On Friday, 10th March 2023, the “go-to banking partner” Silicon Valley Bank (SVB) collapsed after it failed to keep up with rising interest rates and falling stocks in technology.
The collapse of Silicon Valley Bank is the most significant bank failure since the financial crisis in 2008 and the second-largest retail bank failure in the United States.
At the time of the failure, Washington Mutual (2008) had $307 Billion in assets, whereas Silicon Valley Bank (2023) had $209 Billion in assets.
HSBC, Europe’s largest bank, has just acquired the UK branch of SVB for £1, following the US government’s move to secure all US customer deposits during the weekend.
Jeremy Hunt has promised business as usual for SVB UK customers.
But will HSBC’s move to buy Silicon Valley Bank’s UK branch affect the UK property market?
Find out below as we delve into why SVB collapsed, why UK businesses should remain wary, and what the bailout means for the UK property market.
Why Did The Silicon Valley Bank Collapse?
The bank, which attracted start-ups, investors, entrepreneurs and leading Web3 innovators, brought billions of dollars worth of bonds over the past few years.
The value of the investments fell as they paid lower interest rates than a comparable bond in today’s high-interest rate climate.
Buying bonds at this level is a standard bank procedure, especially as they look to hold onto them for long periods; however, as SVB’s customers were technologically-centric companies, they started needing significantly more over the past year.
As these tech-based companies struggled to receive extra funding, they decided to start withdrawing their SVB deposits, and so the bank had to start selling its assets to meet customer withdrawal requests.
With these companies owning far more than the deposit insured $250,000 or £85,000, they feared a bank failure, and SVB was forced to sell safe bonds at a loss, resulting in the bank becoming insolvent.
Silicon Valley Bank attempted to raise capital through outsider investors but could not, and then SVB consumers went on a bank run — where many customers withdrew their money in a very short period of time.
Bank regulators had no choice but to seize SVB’s assets to protect the assets and deposits remaining at the bank.
Why Should UK Companies Be Wary Of The SVB Collapse?
The Silicon Valley Bank Collapse set off a scramble in London to shield the UK tech sector as SVB was a primary lender for many in the city.
The potential for problems to spread was a high priority, and Jeremy Hunt claimed: “failure could have a significant impact on the liquidity of the tech ecosystem.”
The collapse could have meant that any UK-based account holders at Silicon Valley Bank could not pay employees, which could create a domino effect on the economy — with many being unable to afford mortgage repayments.
Government and regulatory agencies worldwide work tirelessly to ensure their economies are not exposed to the bank collapse in their corporate and banking sectors.
UK companies remain wary of the Silicon Valley Bank collapse because SVB’s vulnerabilities to rising interest rates are paralleled in other banks. This is a genuine conundrum, especially in an economy where high-interest rates are cultivated to combat high inflation.

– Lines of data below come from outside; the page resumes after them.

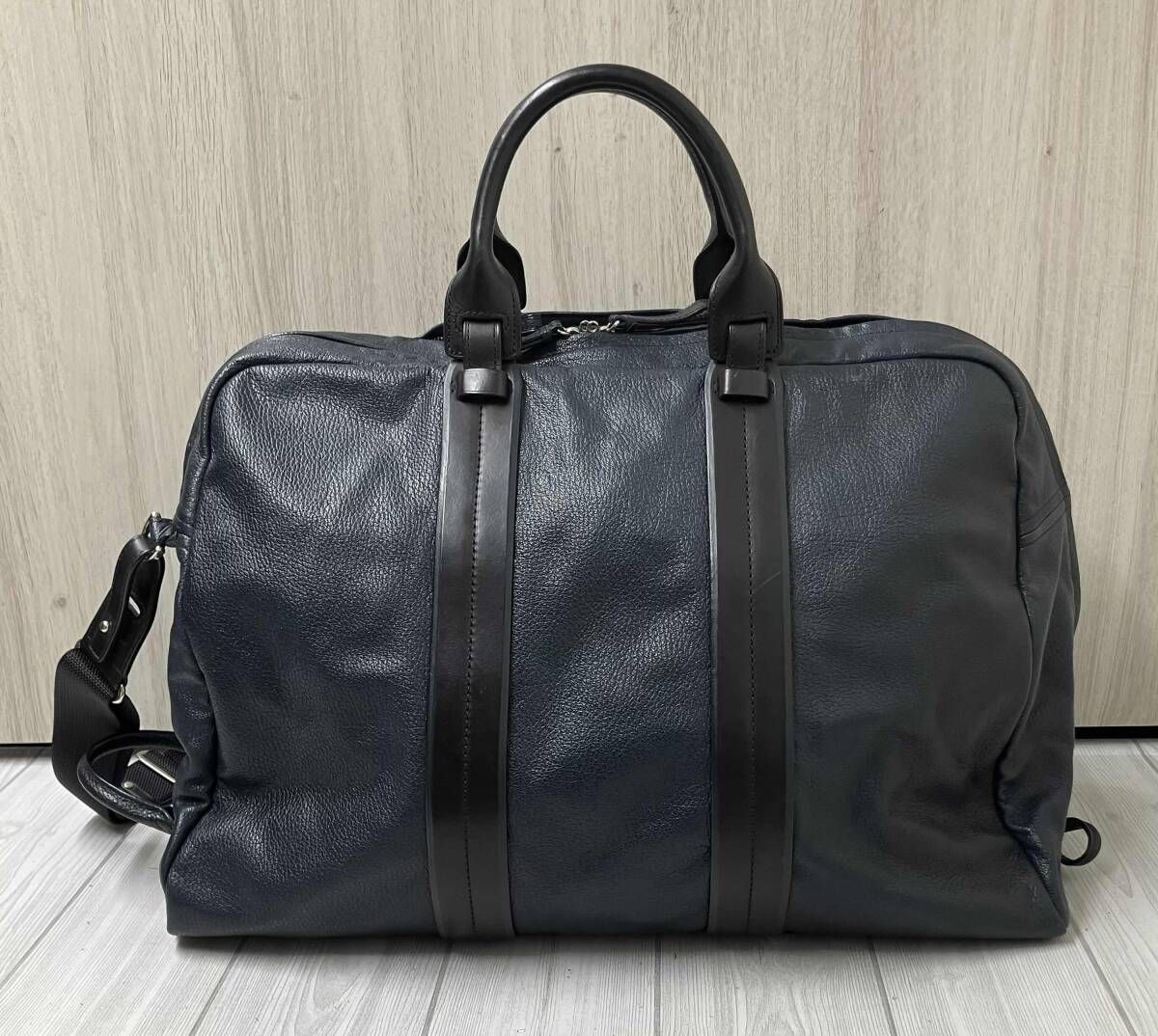 ガレリアント 2 WAY レザーボストンバッグ ネイビー
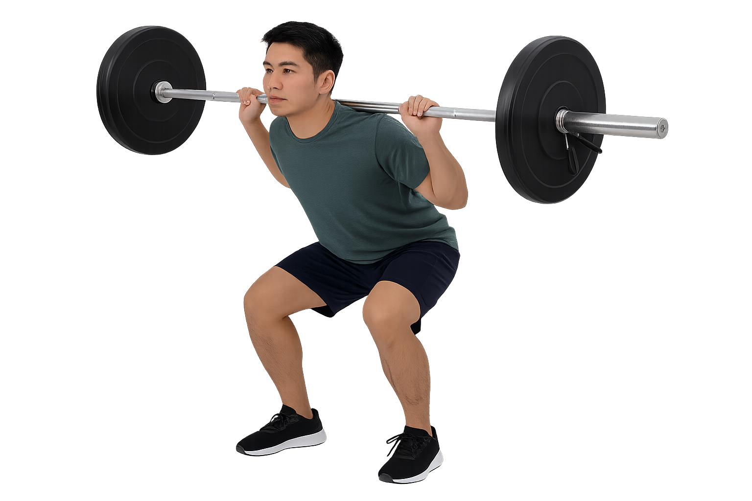 2.下蹲時,屁股往後下方坐、夾起髖關節、勾起腳背。過背部打直、挺胸,軀幹維持緊繃成棒狀。肩膀、膝蓋、腳尖大致維持一線,身體不會過分前傾或是後傾,膝蓋不會外翻或內夾。
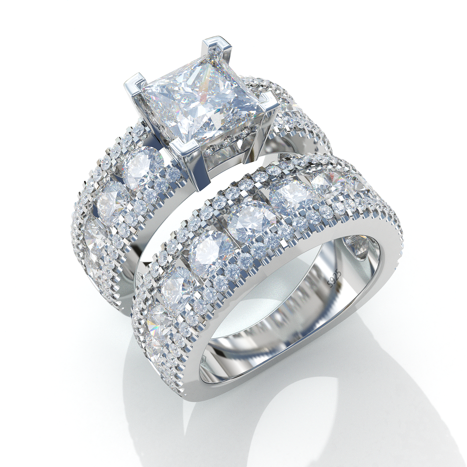 Jzora princess cut created diamond sterling silver vintage bridal set
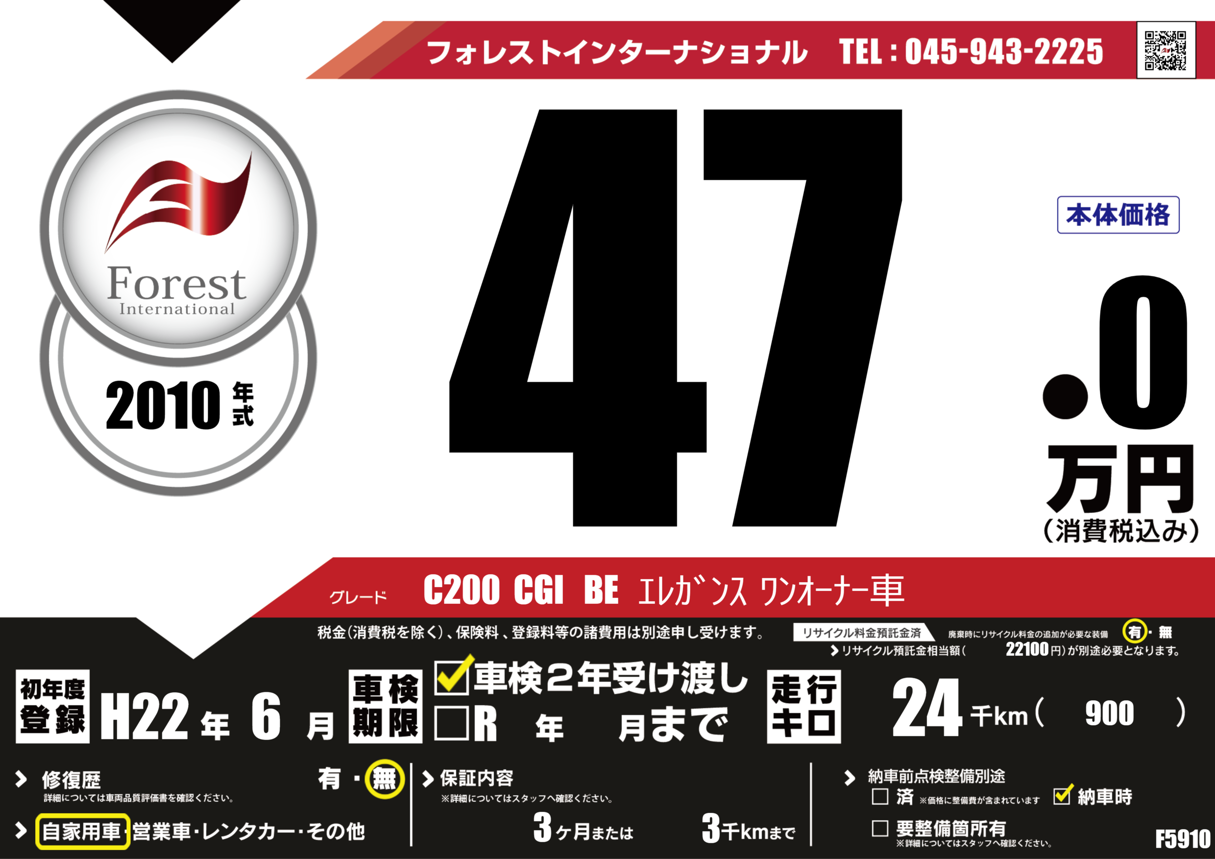 | 走行キロ | 2.4万km | 初年度登録 | H22年6月 |
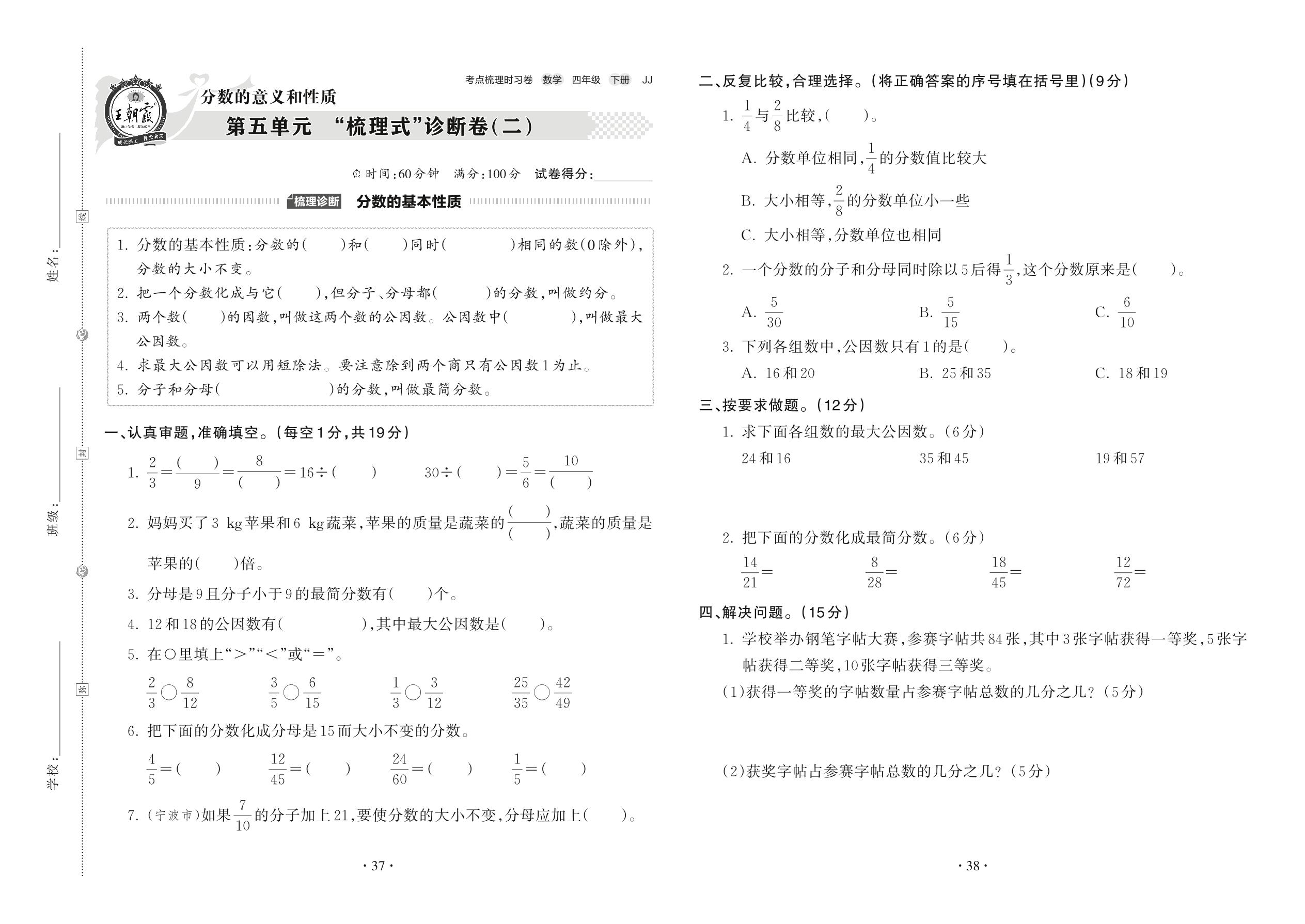 2022下册四年级数学冀教版 第五单元 “梳理式”诊断卷(二)
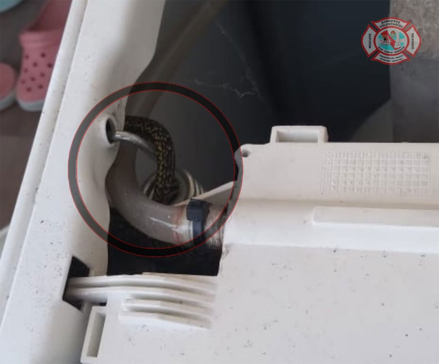 Cerca de las 16 horas, personal de Bomberos Voluntarios debió acudir ante el llamado de vecinos de una casa en el Barrio Rancho Doble S, cuando descubrieron la presencia de una serpiente que se encontraba en el interior de un lavarropas.
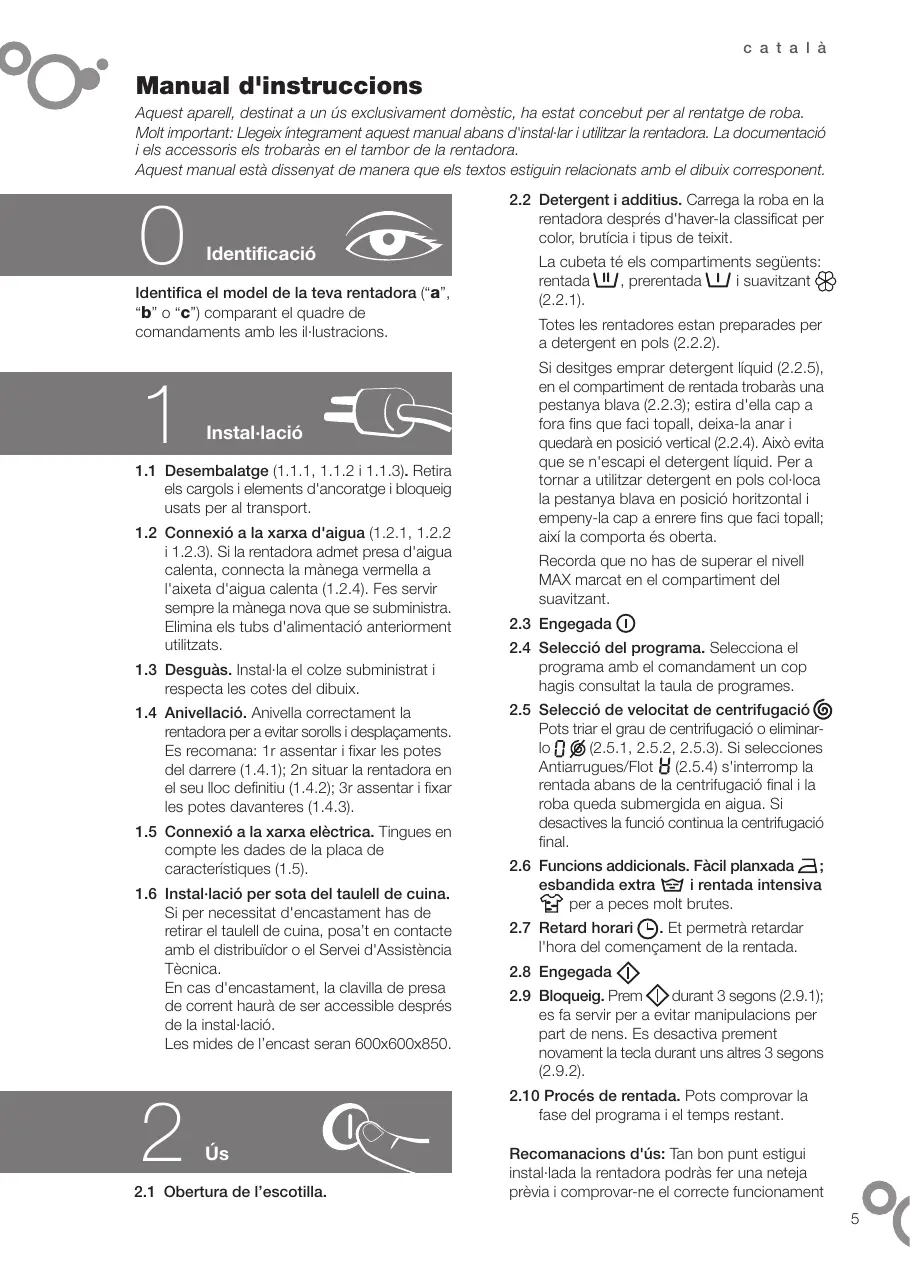 - programa para valoración de lavado y consumo de energía según norma EN60456, accionando tecla de lavado intensivo. c a t a l à Manual d'instruccions Aquest aparell, destinat a un ús exclusivament domèstic, ha estat concebut per al rentatge de roba. Molt important: Llegeix íntegrament aquest manual abans d'instal·lar i utilitzar la rentadora. La documentació i els accessoris els trobaràs en el tambor de la rentadora. Aquest manual està dissenyat de manera que els textos estiguin relacionats amb el dibuix corresponent.

Most financial forecasters expect interest rates to climb even higher in the UK, US and Australia over the following months before stabilising.
For now, however, HSBC has bought the UK-based branch of Silicon Valley Bank, ensuring some reassurance to many of the bank’s clients.
What Does HSBC’s Bailout Mean For The UK Property Market?
HSBC, as a result, has swooped to buy the UK branch of SVB to relieve UK tech firms who warned they would go bust without help. Customers and businesses can now access their funds as usual.
The UK government has confirmed that no other UK banks have been materially affected by the collapse of Silicon Valley Bank collapse and that the more comprehensive banking system remains “safe, sound and well capitalised.”
The UK branch of Silicon Valley Bank had just over 3,000 consumers, most of which are pivotal in the UK’s future economic success due to their science and technological focus.
The HSBC bailout was a preferred choice by Chancellor Jeremy Hunt as it avoided a significant government intervention to protect depositors and the possible use of taxpayers’ money to do so.
We asked Jonathan Christie, The Property Sourcing Company’s Chief Executive Officer, whether property investors and landlords should be wary of the current banking fiasco.
He said, “Although the Silicon Valley Bank failure over the weekend has caused chaos, property investors and landlords should carry on with business as usual.”
“It’s whether or not there is any contagion from the Silicon Valley Bank failure for any other banks and their confidence.”
“I think the scenario is quite segregated for now, but if there is any link with other banks filtering through into their products, we could potentially see some derivations.”
“We could see a domino effect in the coming months, so we must keep our ears to the ground and ensure we remain wary of the current financial situation. But, I am not overly concerned about the UK property market at this moment in time.”